Reduce $(a+b)^2(c+d)^2-16abcd$ to sum of squares

Question

Is it possible to reduce $$(a+b)^2(c+d)^2-16abcd$$ to sum of squares?
This expression is used in proof of AM-GM inequality. It is known that $$\dfrac{a+b}{2}\ge\sqrt{ab}\tag{1}$$ So, it can be proved reducing to sum of squares (in this case only one square): $$a+b\ge2\sqrt{ab}\\ a-2\sqrt{ab}+b\ge0\\ \left(\sqrt a-\sqrt b\right)^2\ge0 $$ which is obviously true.
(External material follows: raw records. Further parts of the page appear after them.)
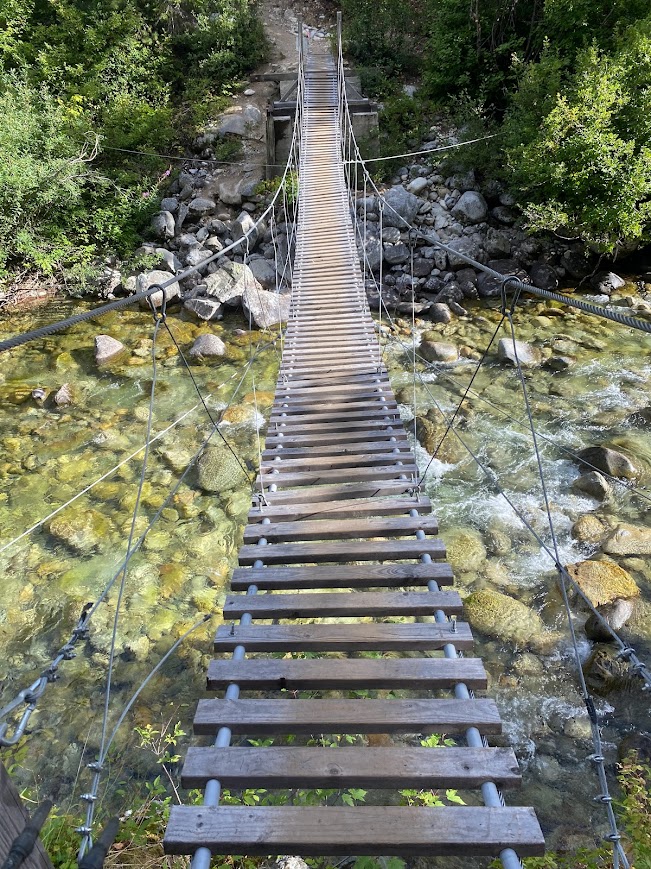 At first the trail paralleled the Stehekin River. When the river turned west, the PCT paralleled Bridge Creek. It started on the right bank, but eventually crossed to the left via a very bouncy swing bridge. Shortly before lunch and much to my relief, I finished Walden. Though Thoreau espoused simplicity and nature, he also had a white elitist viewpoint that wore on me.
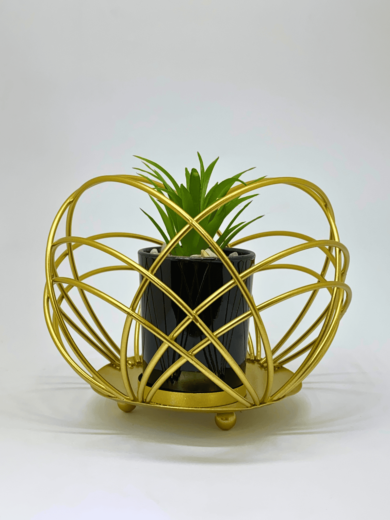Sleek, stylish, and effortlessly eye-catching — this medium-sized artificial plant sits in a glossy black pot, cradled by a stunning gold orb-shaped metal cage. Its modern design adds a sculptural touch to any space.
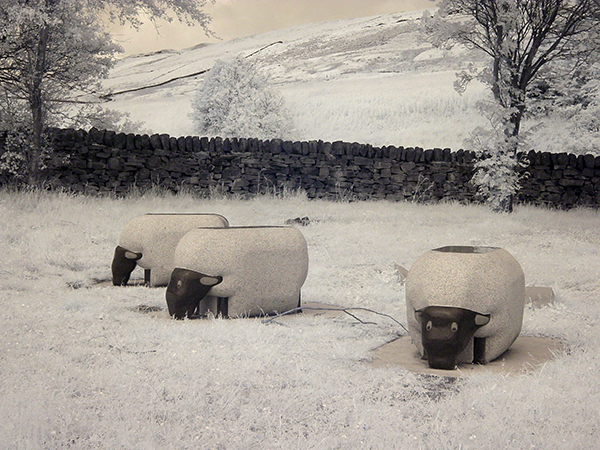 The photographs shown were all taken in colour but to remove the red tint of NIR photos, the white balance was manually corrected by pointing at grass which is white in NIR. This leaves a pleasing sepia tint in some skies and hasn't been added.
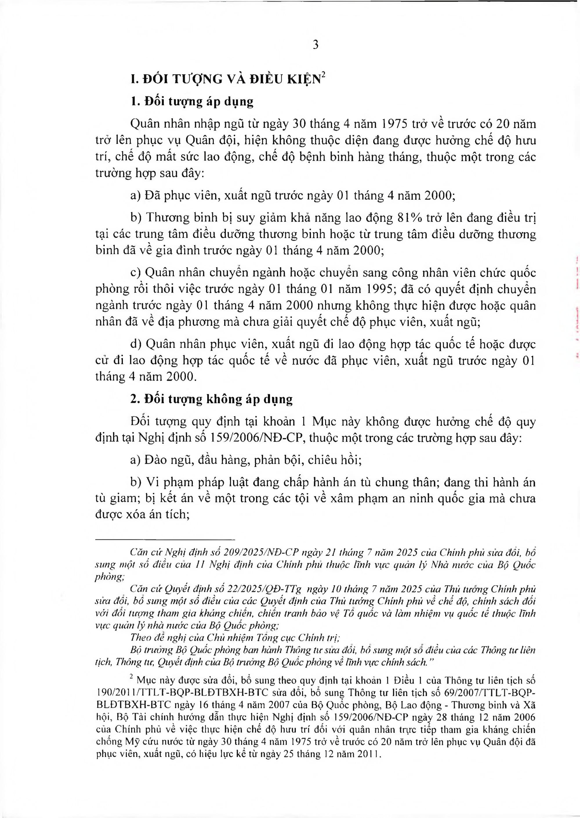 Quân nhân nhập ngũ từ ngày 30/4/1975 trở về trước có 20 năm trở lên phục vụ Quân đội, hiện không thuộc diện đang được hưởng chế độ hưu trí, chế độ mất sức lao động, chế độ bệnh binh hằng tháng, thuộc một trong các trường hợp sau đây:
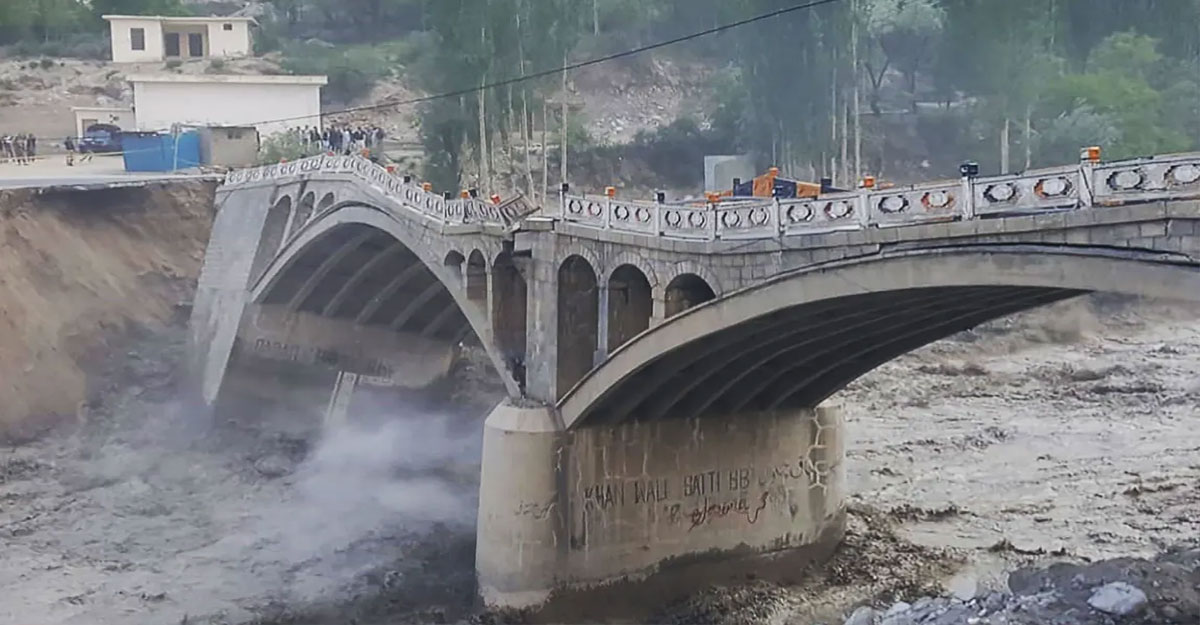 আকস্মিক বন্যায় পাকিস্তানের উত্তরাঞ্চলীয় হুনজা জেলায় ক্ষতিগ্রস্ত একটি সেতু
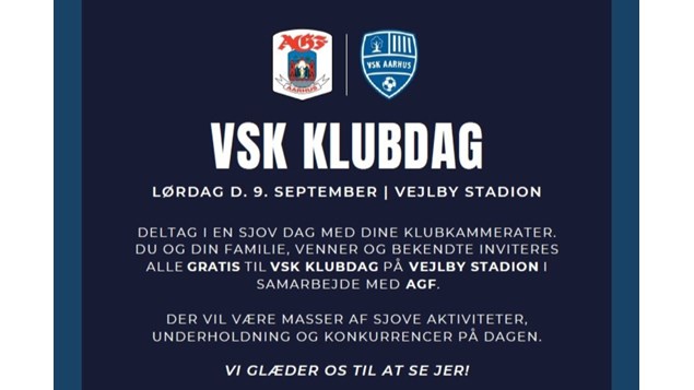 På lørdag d. 9 september kl. 12-15 på Vejlby Stadion holder VSK Aarhus klubdag i samarbejde med AGF – og alle er velkomne.
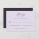 This elegant wedding RSVP card features a soft lavender background with sophisticated black script typography, creating an air of timeless elegance. The minimalist design includes space for personalization and clear checkboxes to indicate attendance preferences, making it both functional and stylish. Perfect for couples aiming for a classic yet modern aesthetic, this card captures the joyous anticipation of a special celebration while maintaining a refined tone. Its simple yet graceful layout ensures that your guests feel welcomed and valued as they respond to your invitation.
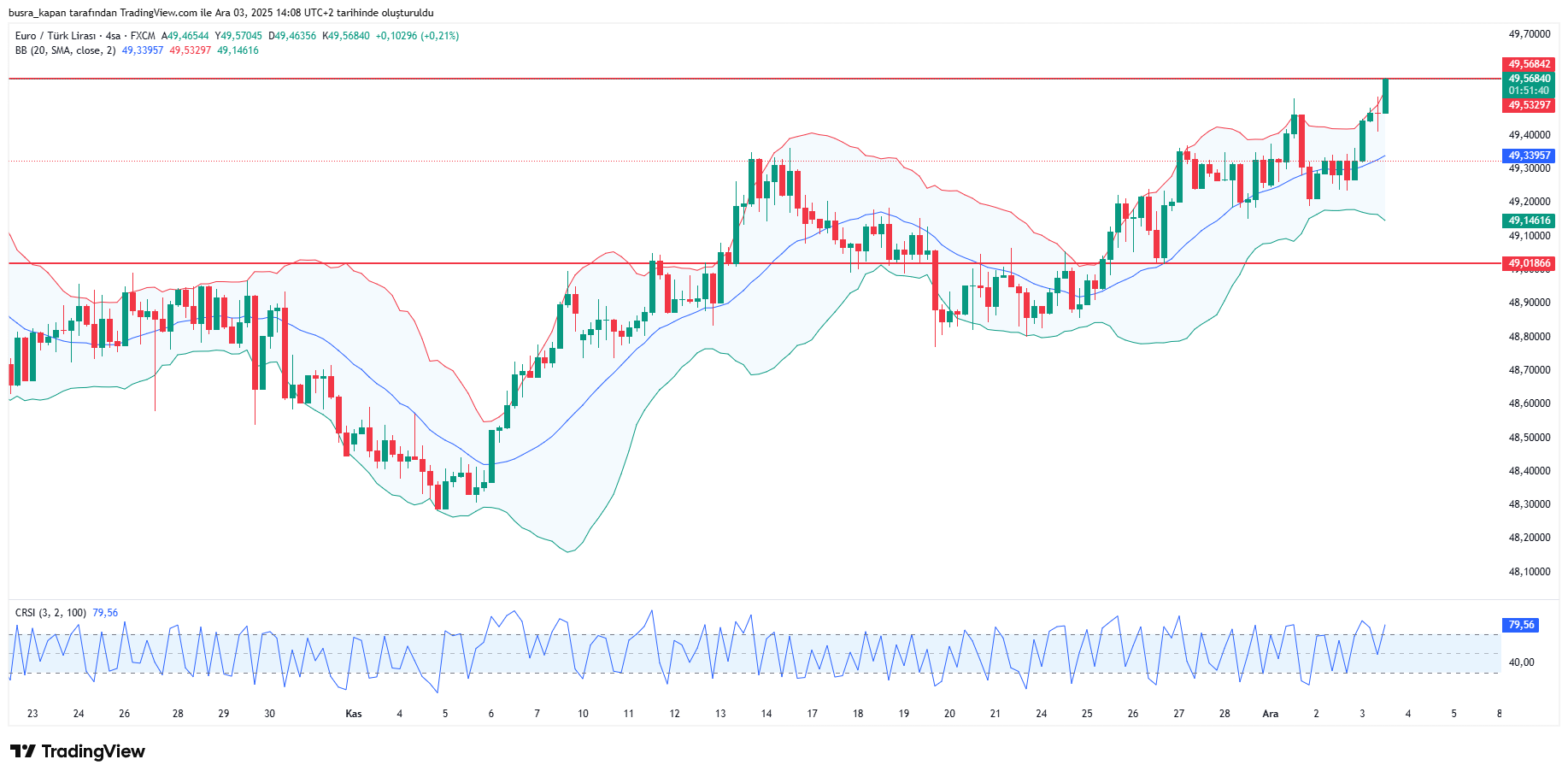 Euro/TL'nin 4 saatlik grafiğinde, günlük trendin bir yansıması olarak güçlü yükseliş momentumunu koruyor; son 10-15 mumda (yaklaşık 40-60 saatlik periyotta) 48.90 TL'den 49.50 TL'ye tırmanarak kanal üst sınırını test ediyor, son mumlar yeşil ve hacimli. RSI (14) %72 civarında aşırı alım sinyali verirken, Bollinger Bands üst bandı (49.60 TL) genişleyen volatiliteyle fiyatı sarıyor.
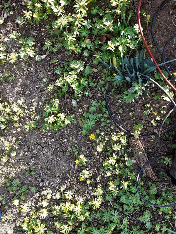 die Winterlinge, ja, das hab ich inzwischen auch begriffen, Winterlinge kommen nur hoch, wenn an ihren Standorten kein Fallaub liegt. Ich hab gerade einen einzigen Sämling von meinen Schwefelglanz gesichtet.
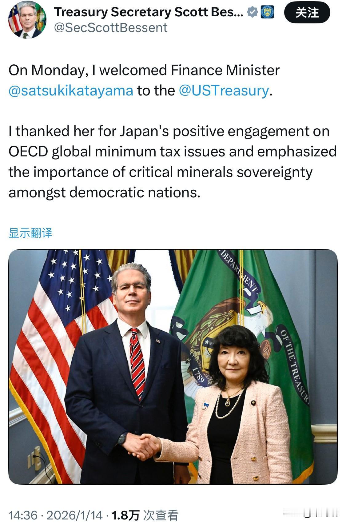 美国财政部长斯科特·贝森特(Scott Bessent)和日本财务大臣片山皋月(Satsuki Katayama)。他们于2026年1月12日在华盛顿特区举行了双边会晤。 会谈的重点包括: 外汇市场: 双方就日元单方面大幅贬值的走势交换了意见,片山大臣表示了“非常忧虑”,并称贝森特部长共享了这一观点。 合作: 双方确认日美财务官员将在外汇市场问题上继续保持密切合作与联络。 全球经济: 两位官员还就一系列全球经济问题和金融市场的发展交换了看法。 此次会晤是在G7(七国集团)财长会议期间举行的,旨在讨论关键矿产供应链的稳定供应等问题。
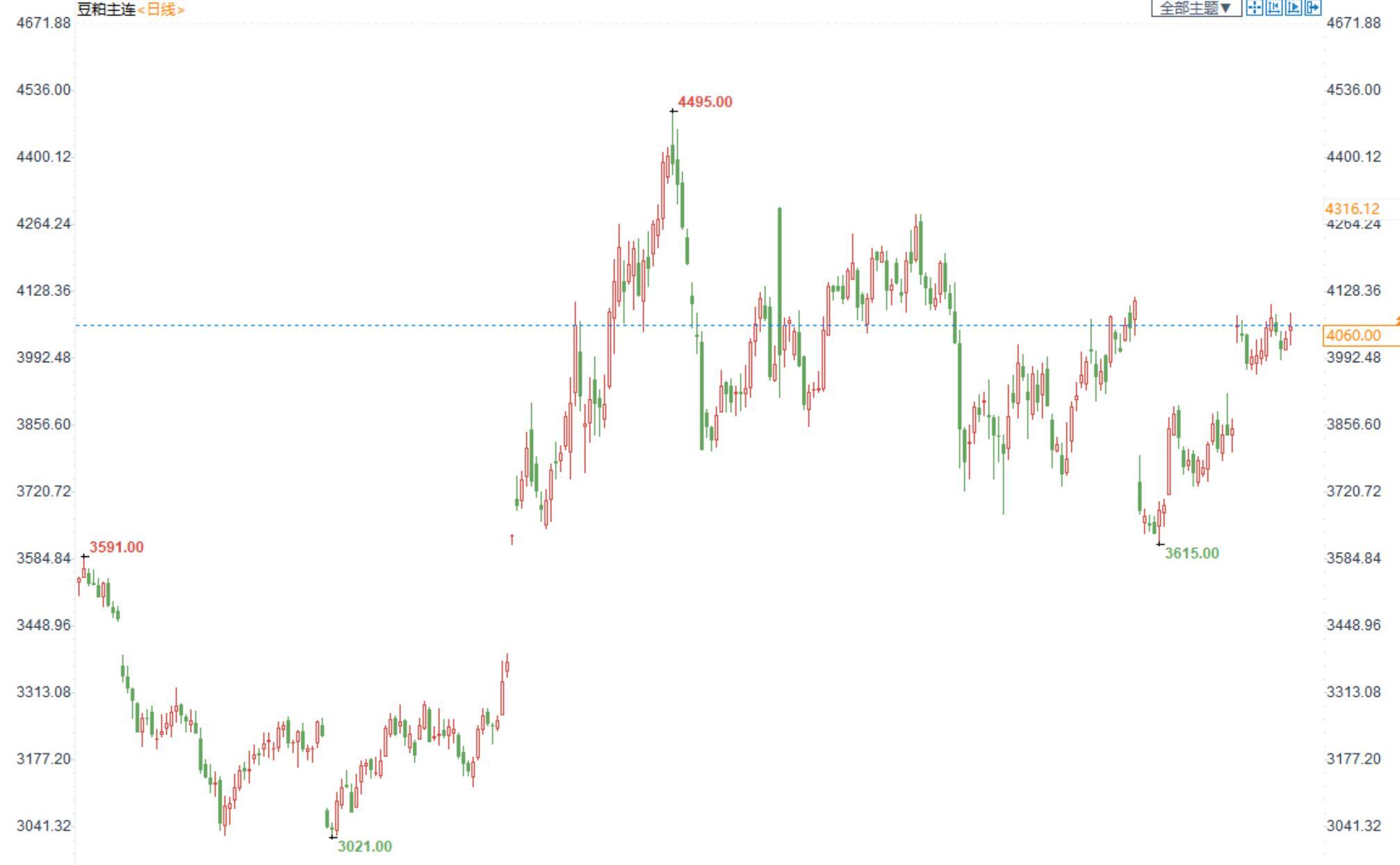 豆粕2301合约日内涨0.59%,收盘价4060元/吨。
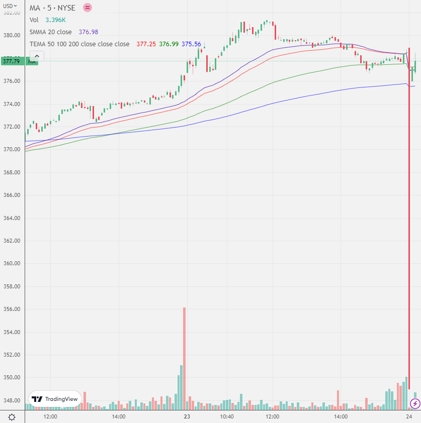 Thị trường mở cửa phiên giao dịch đầu ngày trong tâm lí khá ổn định với SPY giảm nhẹ qua vùng 400 sau báo cáo tài chính của 3M, Verizon và các công ty quốc phòng. Tuy nhiên ngay 10 phút đầu mở cửa, hơn 100 cổ phiếu ngay lập tức bị flash-crash kéo SPY xuống sâu dưới 398 trước khi bị ngừng giao dịch, trong đó có những cái tên lớn như , , , , , kéo gần $400 tỷ giá trị vốn hóa bay hơi khỏi thị trường. Lí do hiện tại được nhiều người đưa ra hiện tại là do giao dịch của nhiều HFT thao túng orderbook thông qua “shorts-ladder-attack” cùng một lúc trong môi trường thanh khoản cực thấp không đủ organic orders dẫn đến lỗi hệ thống tại NYSE. Hiện tại Ủy Ban Chứng Khoán SEC đã lên tiếng sẽ vào cuộc để điều tra sự việc.
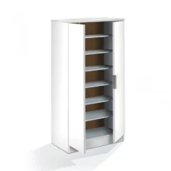 Multifunktionaler Kleiderschrank mit zwei Türen mit sechs Regalen, weiße Farbe.
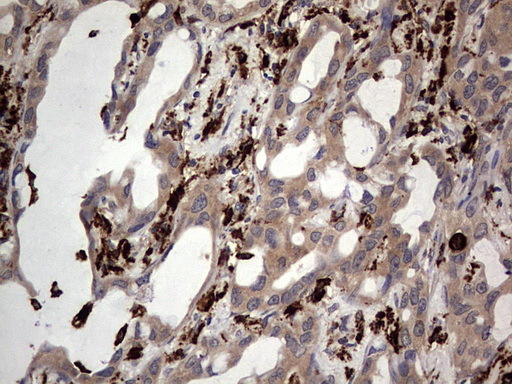 - IHC of paraffin-embedded Carcinoma of Human lung tissue using anti-CD68 mouse monoclonal antibody. (heat-induced epitope retrieval by 1 mM EDTA in 10mM Tris, pH8.5, 120°C for 3min).
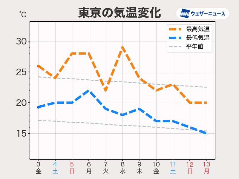 ただ、週明けは寒気の南下に伴い、北日本を中心に気温がガクッと低下します。
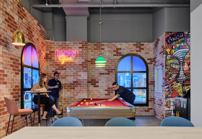 Adjoining the Communal Workspace is the IDI Bar. Voted fondly as the favorite space by the staff and management alike, this stylish wine and snacks area adopted the character of an English Bar. Furnished with the Chesterfield sofa set, circular whiskey display cabinet, a 20 feet dining table, pool table, dart, and basketball machines, little wonder this area is the jewel of the office.

So, we can say that for all non-negative real numbers $a,b$ it is true that $$\dfrac{a+b}2\ge\sqrt{ab}$$ If we want to prove that $$\dfrac{a+b+c+d}{4}\ge\sqrt[4]{abcd}$$ we will write $$\sqrt[4]{abcd}=\sqrt{\sqrt{ab}\sqrt{cd}}\le\sqrt{\dfrac{a+b}2\cdot\dfrac{c+d}{2}}\le\dfrac{a+b+c+d}{4}$$ There is only used $(1)$ to prove this inequality (in this case we used it $2$ times). It is known that $(1)$ can be reduced to sum of squares. Then, is it possible to reduce $$\sqrt{\sqrt{ab}\sqrt{cd}}\le\sqrt{\dfrac{a+b}2\cdot\dfrac{c+d}{2}}$$ to sum of squares? It is same as $(a+b)^2(c+d)^2-16abcd$, but what next? If it is impossible, can we prove that?